Пульс памяти — страница 54 из 73

Как же властно, полнокровно, неугасаемо жил в человеческой памяти безвестный для нее в прошлом клочок земли, который опалило потом, как и самую эту память, порохом, муками и кровью!

Неуклюже вытянувшийся вдоль реки, прижатый к ней холмиками и взгорками, лоскуток этот, никогда, наверное, не имевший собственного имени, а на те лихие часы громко наименованный плацдармом, стал для Василия кровной роднёй земле его рождения и детства. И мне тогда так ясно увиделась насквозь пронизанною таким вот ратным родством вся земля моего Отечества. Едва ли не для каждого клочка ее можно проследить незатухающую родословную в солдатской памяти. Проследить из края в край и через все века.
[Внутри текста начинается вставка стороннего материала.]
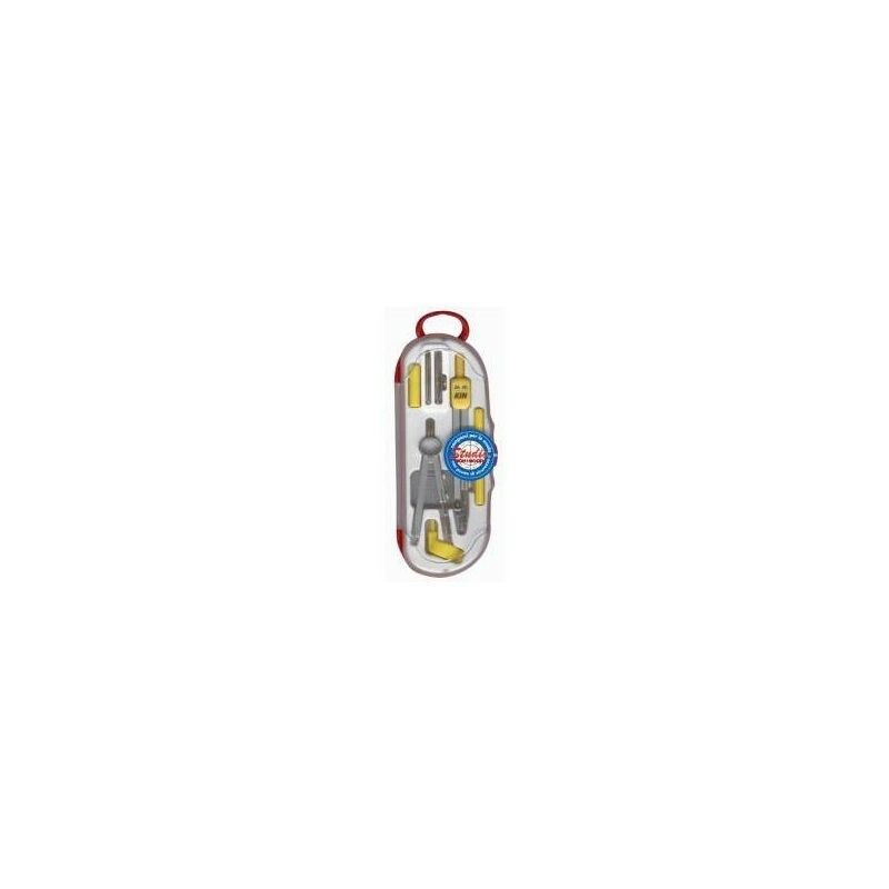 Compasso adatto per uso scolastico. Dotato di aghi di sicurezza. Compasso kit 7 pz contenente: compasso 133 mm. con punta di sicurezza, balustrino con regolazione a vite, innesto, allunga, ricambi e accessori.
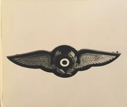 Objeto metálico con forma irregular. Representa dos alas doradas sobre...
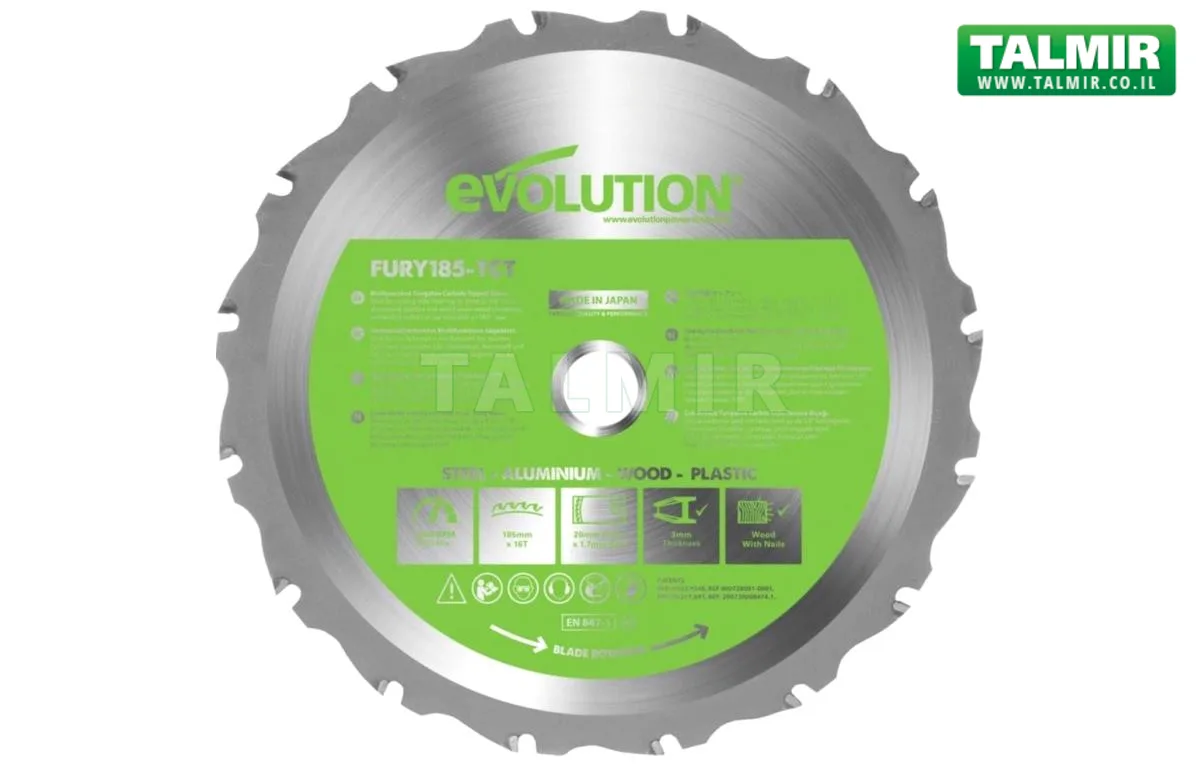 להב מסור - EVOLUTION FURY TCT 185MM EVOLUTION ועוד כלי עבודה נטענים / חשמליים. לחצו למיפרט טכני מלא. צרו קשר לייעוץ מקצועי: 04-8520233
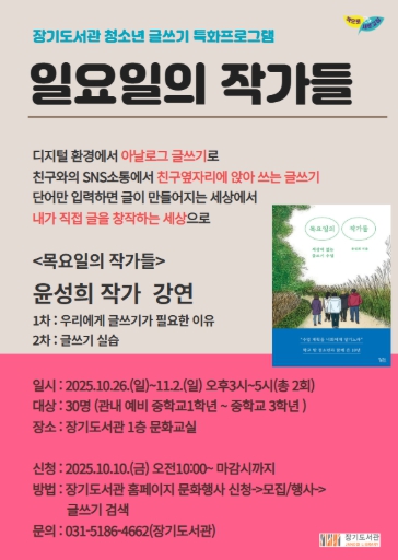 [뉴스앤톡] 김포시 장기도서관은 청소년 글쓰기 특화프로그램으로 '일요일의 작가들'을 오는 10월 26일, 11월 2일 오후 3시부터 5시까지 장기도서관 1층 문화교실에서 운영한다고 밝혔다
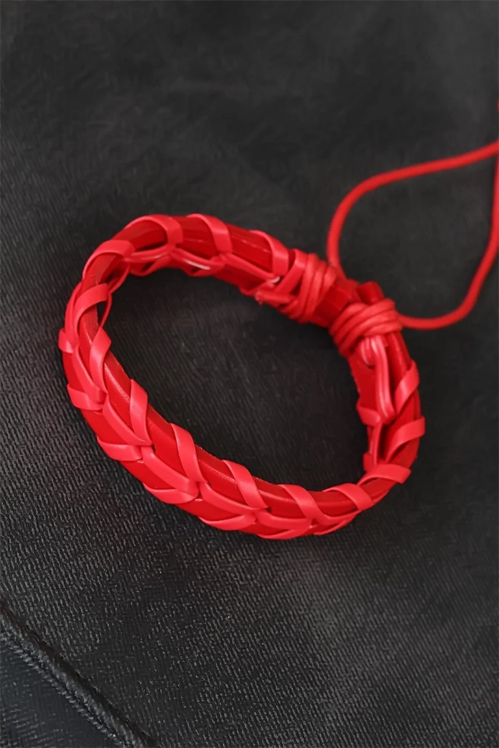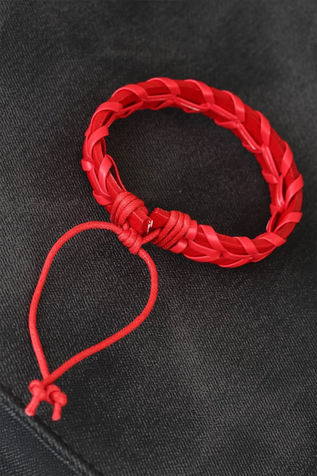 Kırmızı Örgü Deri Erkek Bileklik
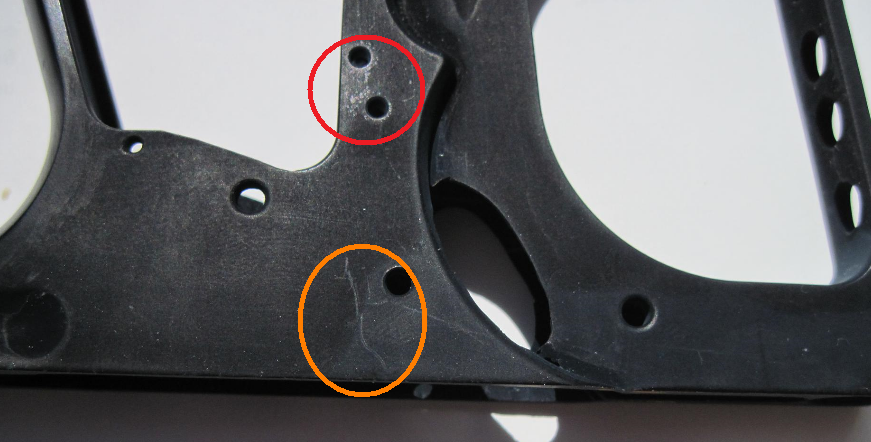 das sind evtl. Spritzgussteile. Durch die nachträgliche Bearbeitung verändert sich das Gefüge an der Oberfläche.

Мне, как свои собственные, открылись обжигающе явственные сновидения ратников Невского, будившие перед их памятью псковско-чудские виды: величественную суровость Вороньего камня, зловещую бесснежность первозимья, ломкую говорливость озерного льда. И все это мешалось с тем, что было всю жизнь единственно родным, родимо родным: для суздальца — суздальское, для москвитянина — московское, для новгородца — новгородское…
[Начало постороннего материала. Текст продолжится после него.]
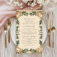 This timeless botanical design combines soft green foliage and ornate vintage scrollwork on a parchment-style background. The elegant greenery frame adds a refined yet natural feel, perfect for garden weddings, classic ceremonies, or nature-inspired events. Fully customizable for your special day.
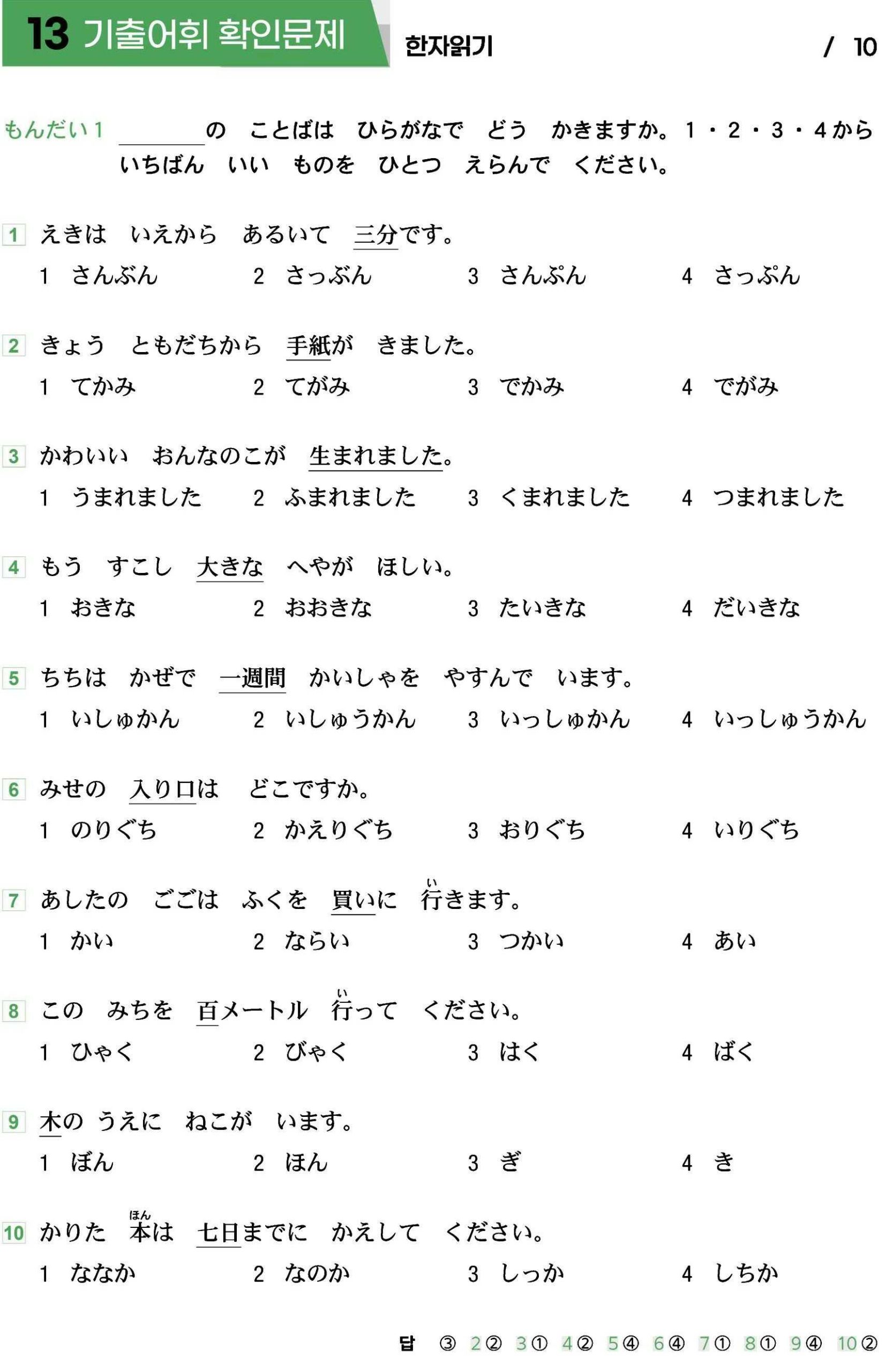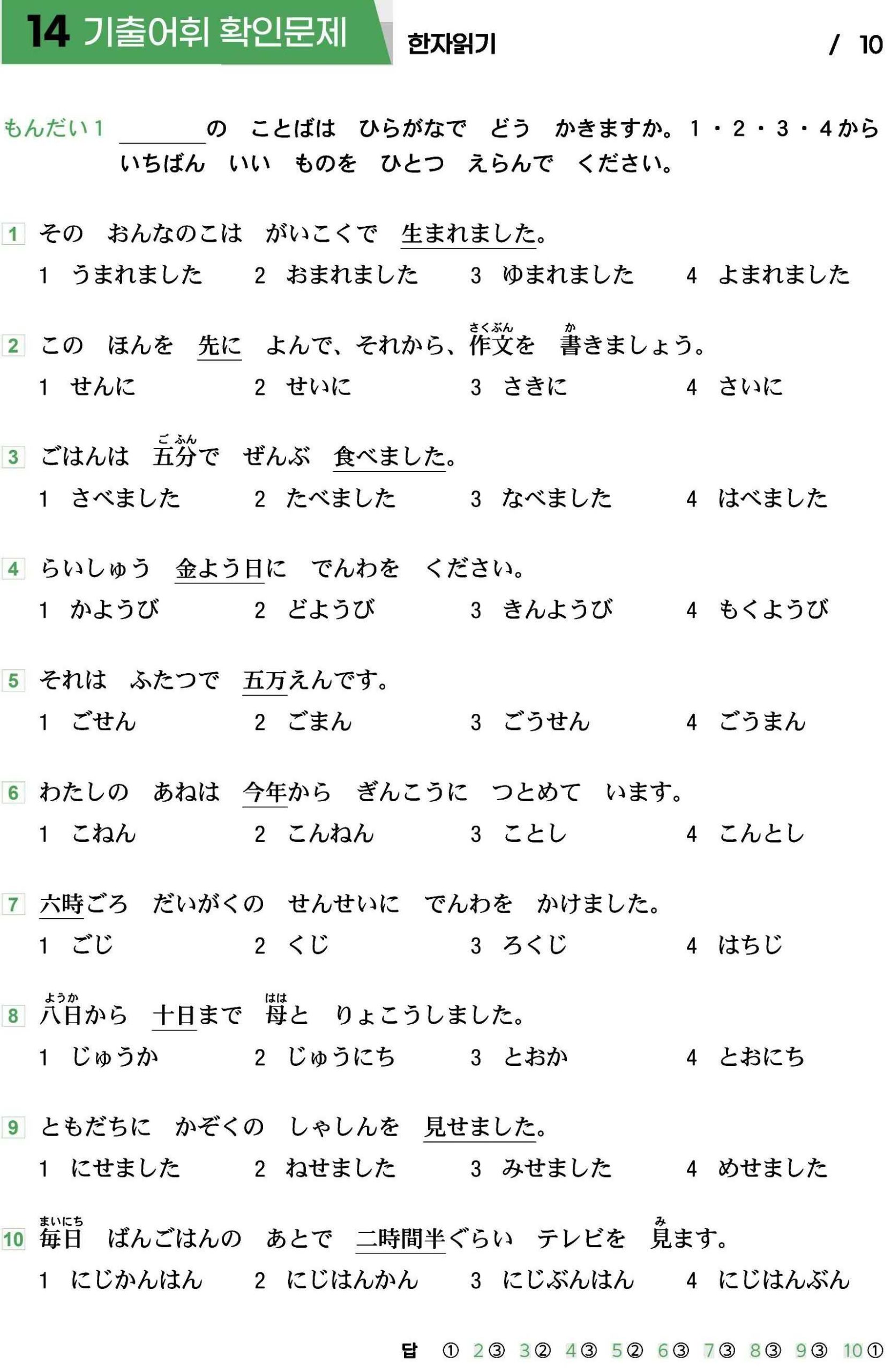 Bài tập Kanji N5: Phần 7 (Có đáp án)

Тем же болел и каждый счастливо вернувшийся с Куликова поля. Василий говорил о Северном Донце, о середине двадцатого столетия, а передо мною бились сполохи умирающего сознания Пересвета, благородно перемешавшаяся любовь его к земле, где родился, и к земле, на которой довелось сложить голову.

И далее — так же: была то Полтавская битва или год восемьсот двенадцатый, столетней давности эпопея Севастополя или горестная драма Порт-Артура, четырехлетние сражения гражданской войны, когда бои шли по сплошному кольцу фронтов, или война войн — Великая Отечественная…

В душах, в сознании, в памяти роднились и роднились земные отчие пространства.

Для вернувшегося с войны вятича делались столь же дорогими, как и свои, степи Черноземья, для помора — донские просторы или среднерусские долы, для волжанина — полесские кущи, для сибиряка — сказочно одухотворенные пейзажи Подмосковья.

И то же самое — в обратном чтении; как и в десятках, сотнях, тысячах других сочетаний и вариантов.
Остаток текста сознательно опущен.